How about making your own?


----------



## bear grylls junior (Dec 20, 2010)

i told you i have no money and i want an ergo design its my dream they look so fun


----------



## Hrawk (Oct 25, 2010)

Weren't you saying all weekend how you had your heart set on rushing out on Monday and buying a jigsaw and other tools to start making them?

I guess there was something you wanted even more then









If someone was to offer you a frame, are you able to cover postage costs ?


----------



## bear grylls junior (Dec 20, 2010)

well know i wouldnt i not forcing anyone


----------



## SlingMan (Jul 4, 2010)

I think you're looking for something for nothing
and hoping there's a sucker that will fall for it.









I call it like I see it.

Go get a job and buy a sling shot.

It's rude to even ask such a question the way you're approaching it.

Geez!!!


----------



## jmplsnt (Jan 1, 2010)

I haven't been to Australia before, but in viewing various television programs I have seen several trees. Trees have forks in their branches. Why don't you go cut yourself a fork and dry it in the microwave?

In the past I have sent forks to several people as gifts, with nothing expected or wanted in return.

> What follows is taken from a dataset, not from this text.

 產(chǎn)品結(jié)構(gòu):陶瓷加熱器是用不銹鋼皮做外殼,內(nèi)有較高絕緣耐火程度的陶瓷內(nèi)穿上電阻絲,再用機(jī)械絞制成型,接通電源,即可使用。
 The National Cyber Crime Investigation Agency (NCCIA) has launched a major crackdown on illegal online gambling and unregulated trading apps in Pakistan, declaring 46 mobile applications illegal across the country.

These were to help those who later moved on to help themselves and more importantly, others with the same mindset.

The people making ergos on this site love what they do, but they also love to pay their bills. Materials, time, and labour are not free, nor is postage halfway around the world. Postage to Europe makes me not want to send stuff over there half the time.

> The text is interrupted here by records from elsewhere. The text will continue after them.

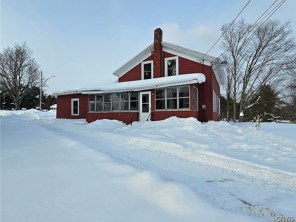 Prepare to get excited about this price point with waterproof vinyl laminate flooring and all the sprucing up and painting completed on the first floor of this 1600+ square foot home. The 2 year old roof eliminates that worry and it has been recently surveyed. Walk into a large multi-use room from the extra long one stall garage or from outdoors with plenty of space to add an ample closet if desired. Next you enter the kitchen area with a potential breakfast room on one end and possibly a more formal dining room on the other end...you decide. Round the corner and enter the very large living room for you to create many different layout possibilities! Proceed up the stairs with half a bath, one bedroom and a good sized closet on your right and two connected rooms on your left. All of the upstairs could use a little love and paint and is awaiting your finishing touch. Lastly enjoy the 3 season porch for that bit of extra seasonal space to enjoy!
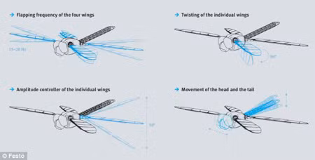 “Thiết bị bay độc đáo này hoạt động được do làm từ các loại vật liệu nhẹ và tích hợp các linh kiện công nghệ cao như cảm biến, mô tơ điện, phần mềm quản lý vòng lặp đóng/mở.” Heinrich Frontzek, giám đốc điều hành hãng Festo cho biết.
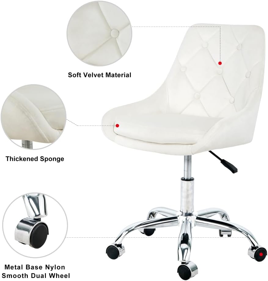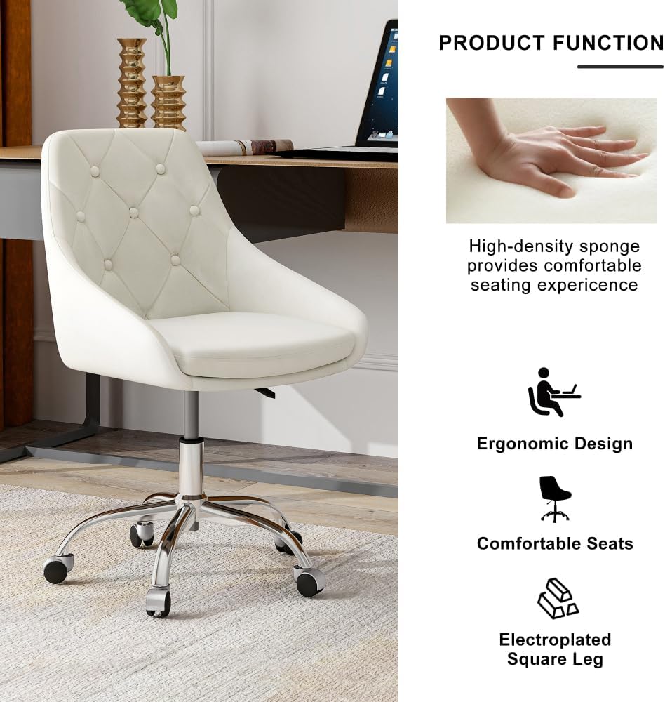 Modern Velvet Fabric with Chrome Legs Living Room Furniture Dining Chair, Soft and Comfortable, Lift Adjustment, Movement Convenient, Space Saving. (Set of 1) Foam Beige Metal
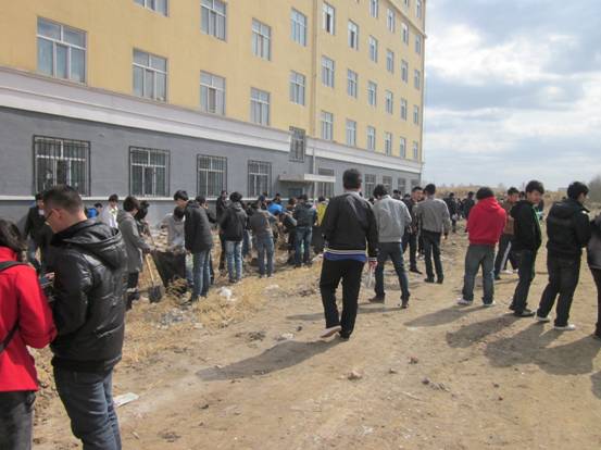 中午放学后,在孙晓平、潘晓亮导员的带领下,08级同学纷纷拿着工具赶到第四公寓楼后进行垃圾清理活动,现场气氛热烈。活动中,大家分工明确,积极主动,认真清理着每处地方。经过全体成员近一个小时的努力,终于将四舍后的杂物清理干净。

Go buy yourself a coping saw and I'm certain there are some pallet boards laying around somewhere no one would mind your scrounging. You may not think of this as an important time, but this is where you will decide if you are going to mature into a man or continue upon your present path as a loyal devotee of a socialist nanny state. From what I'm seeing circumstances favor the latter.

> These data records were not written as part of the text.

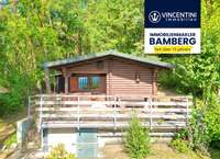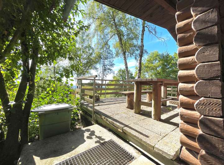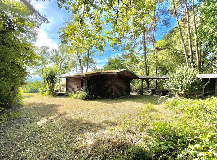 Bebauung: Massive Blockhütte (Anfang der 1970er, ohne Baugenehmigung errichtet) mit Terrasse, Keller, Nebenhaus mit Freisitz, Geräteraum und Toilette
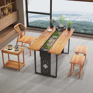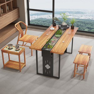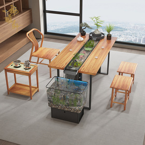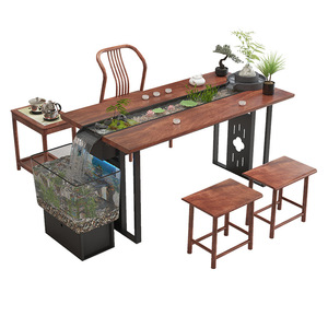 乌金木流水茶台养鱼循环景观茶桌简约客厅新中式小型泡茶桌椅组合
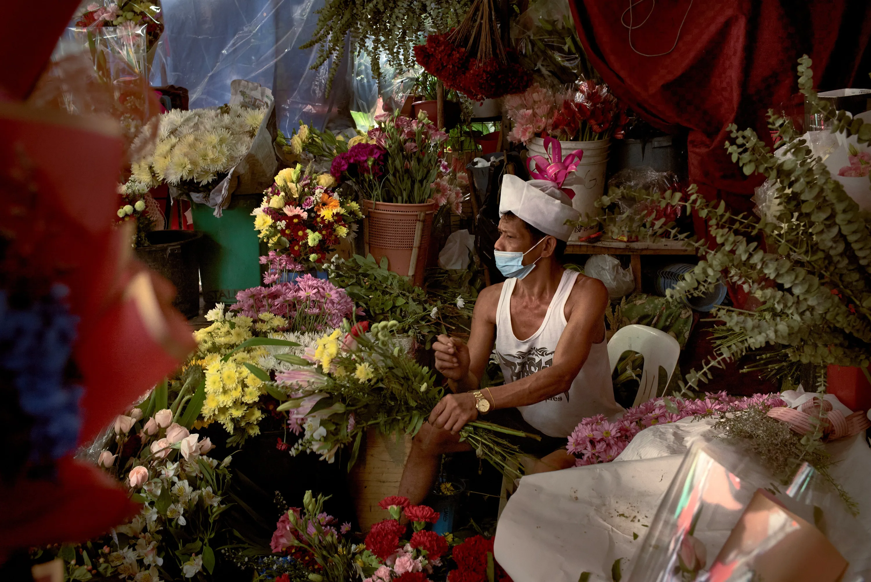 Filipino flower vendors preparing their products on the eve of Valentines day amidst the threat of new variants of the Corona Virus, on February 13, 2021 in Manila, Philippines. (Photo by Jes Aznar/Getty Images)

You'll win my respect by at least trying. Can't you do that, or is it too much effort?

shame, shame, shame


----------



## PJB21 (Nov 1, 2010)

go to the dump yard and find an old table/chair/door/choppingboard etc just a bit of wood really, get a basic handsaw such as a coping saw use a bit of sandpaper and you can make your own, cut and sand it so it fits your hand great, just sketch out a basic design based on what you can see here. its not that hard, if you really want one then you'll do it. asking people for freebies isnt the way forward, and some people get quite offended. make something and build friendships with people on the forum before you get anything for free.


----------



## dragonmaster (Dec 24, 2009)

Ive made frames with just a saw blade and sand paper from old palet wood and they shoot very well.


----------



## Dayhiker (Mar 13, 2010)

Bear, I'm not offended by your asking for a slingshot. And I don't think asking for a fork makes you a socialist. But even though I could make you a frame without too much trouble, I wouldn't. First of all, I don't know how old you are. If you are very young, I can understand where you are coming from, but if you are over the age of 12, then you should be ready to make your own. When someone gives you something that you are quite capable of getting for yourself, they are spoiling you.

You see, the person who gives you a frame has spoiled your fun. There are two ways for you to get the slingshot you want: (1) Save your money and when you have enough, buy it. This in itself is an accomplishment that will add great value to your new possession, for the sacrifice and patience you put in to get it makes it so. (2) You can hunt in the woods for the right tree fork -- one that has the ergonomic qualities you prize, or at least looks like you could easily customize it with your pocket knife. This add loads of value because being able to shoot a slingshot is only half the fun -- making it yourself, too, more than doubles the fun.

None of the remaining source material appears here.